_EXERCISE DIRECTIONS_
In the copy, include every record below exactly as it appears, but no pictures.

_INPUT RECORDS_
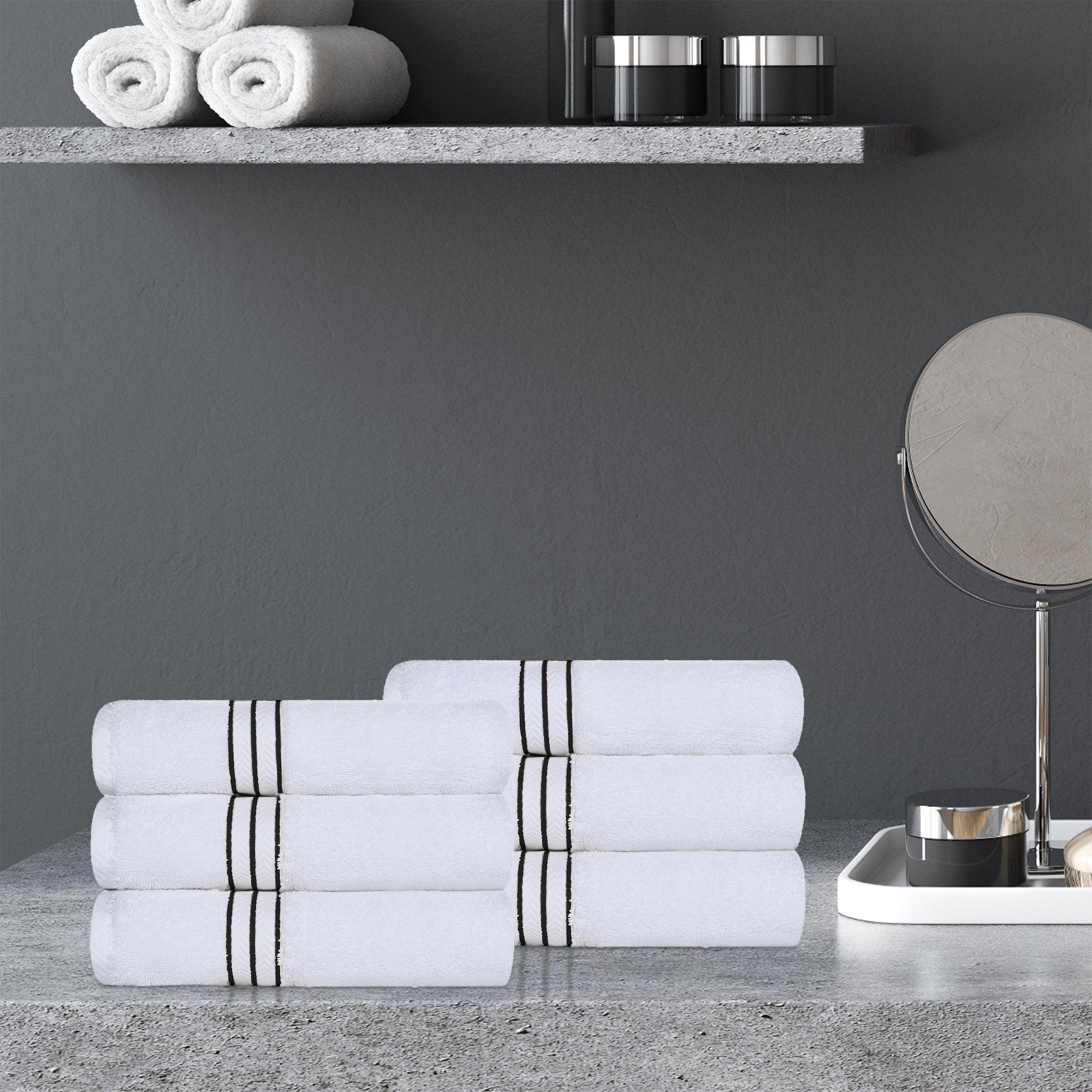 - Aesthetic cohesion with a uniform white base and colored stripes that can complement bathroom decor.
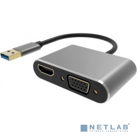 VCOM CU322M Кабель-переходник USB 3.0 (Am) --> HDMI(f)+VGA(f), Aluminum Shell
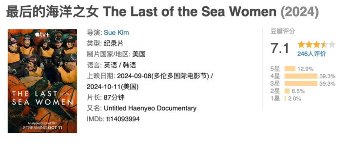 一部对于海女的记载片,Apple TV + 推出
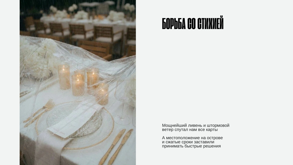 МАНИФЕСТ ТВОРЧЕСТВА И СМЕЛОСТИ МИССИЯ студии в создании идеального баланса между эстетикой и смыслом, индивидуальным подходом к каждому клиенту и ответственным выбором материалов, что в конечном итоге делает каждую свадьбу поистине уникальной. ФИЛОСОФИЯ BALANCE В нашем подходе мы придаем огромное значение смелости в выборе. Мы вдохновляем наших клиентов принимать нестандартные решения касательно тематики, цветового оформления и декоративных элементов. Свадьба — это уникальная возможность проявить свою индивидуальность, и мы поддерживаем стремление экспериментировать, чтобы каждый момент стал поистине неповторимым.
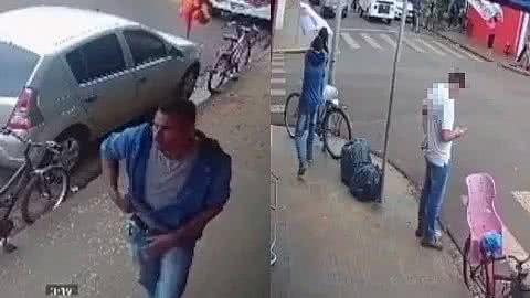 Nas imagens de outra câmera de segurança é possível ver que o suspeito tenta atirar contra Bianca, mas a arma falha e ela consegue correr. A mulher não ficou ferida. Em seguida, Santos entrou no carro e fugiu.
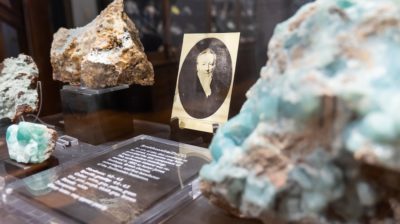 There is a sample of azurite on malachite – treasured as one of the finest and most popular in the museum’s collection, acquired in 1937 by T.B and Nellie Gillespie. It hasn’t been displayed in many years, but it is now.
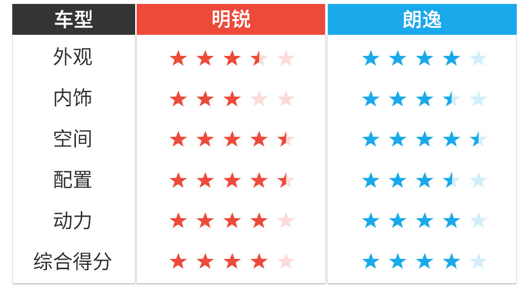 两车基于同平台,动力水平是一样,空间也相差无几,但明锐的行李厢会实用许多,外观内饰,朗逸稍占优势。但配置方面,由于目前明锐的优惠幅度更大,所以同价位的情况下,明锐的配置会更丰富。所以综合而言,两车应该是平分秋色的,但是外观毕竟都是因人而已,但性价比方面,明锐则是实打实的优势。
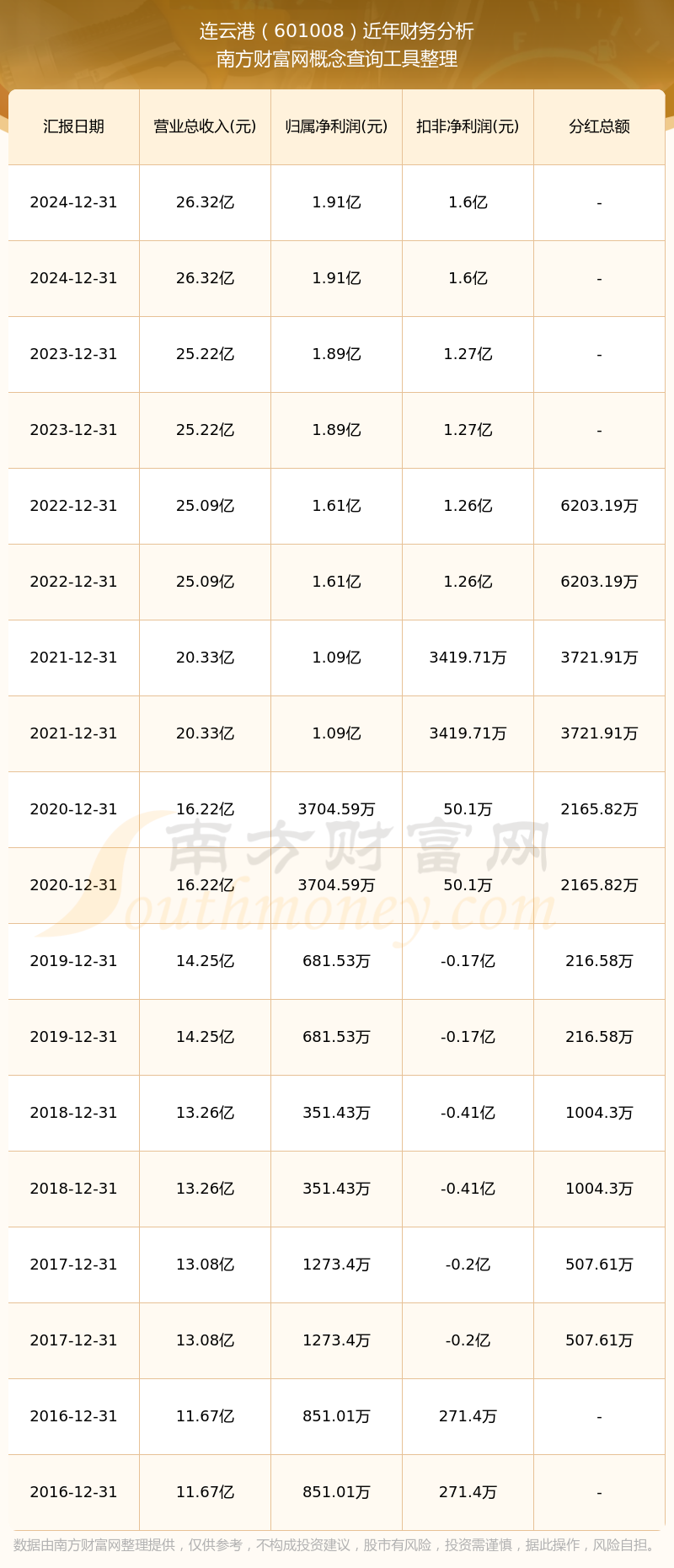 近年連云港分紅派息情況如下表所示:

_ANSWER TO THIS TASK_
 - Aesthetic cohesion with a uniform white base and colored stripes that can complement bathroom decor.
 VCOM CU322M Кабель-переходник USB 3.0 (Am) --> HDMI(f)+VGA(f), Aluminum Shell
 一部对于海女的记载片,Apple TV + 推出
 МАНИФЕСТ ТВОРЧЕСТВА И СМЕЛОСТИ МИССИЯ студии в создании идеального баланса между эстетикой и смыслом, индивидуальным подходом к каждому клиенту и ответственным выбором материалов, что в конечном итоге делает каждую свадьбу поистине уникальной. ФИЛОСОФИЯ BALANCE В нашем подходе мы придаем огромное значение смелости в выборе. Мы вдохновляем наших клиентов принимать нестандартные решения касательно тематики, цветового оформления и декоративных элементов. Свадьба — это уникальная возможность проявить свою индивидуальность, и мы поддерживаем стремление экспериментировать, чтобы каждый момент стал поистине неповторимым.
 Nas imagens de outra câmera de segurança é possível ver que o suspeito tenta atirar contra Bianca, mas a arma falha e ela consegue correr. A mulher não ficou ferida. Em seguida, Santos entrou no carro e fugiu.
 There is a sample of azurite on malachite – treasured as one of the finest and most popular in the museum’s collection, acquired in 1937 by T.B and Nellie Gillespie. It hasn’t been displayed in many years, but it is now.
 两车基于同平台,动力水平是一样,空间也相差无几,但明锐的行李厢会实用许多,外观内饰,朗逸稍占优势。但配置方面,由于目前明锐的优惠幅度更大,所以同价位的情况下,明锐的配置会更丰富。所以综合而言,两车应该是平分秋色的,但是外观毕竟都是因人而已,但性价比方面,明锐则是实打实的优势。
 近年連云港分紅派息情況如下表所示:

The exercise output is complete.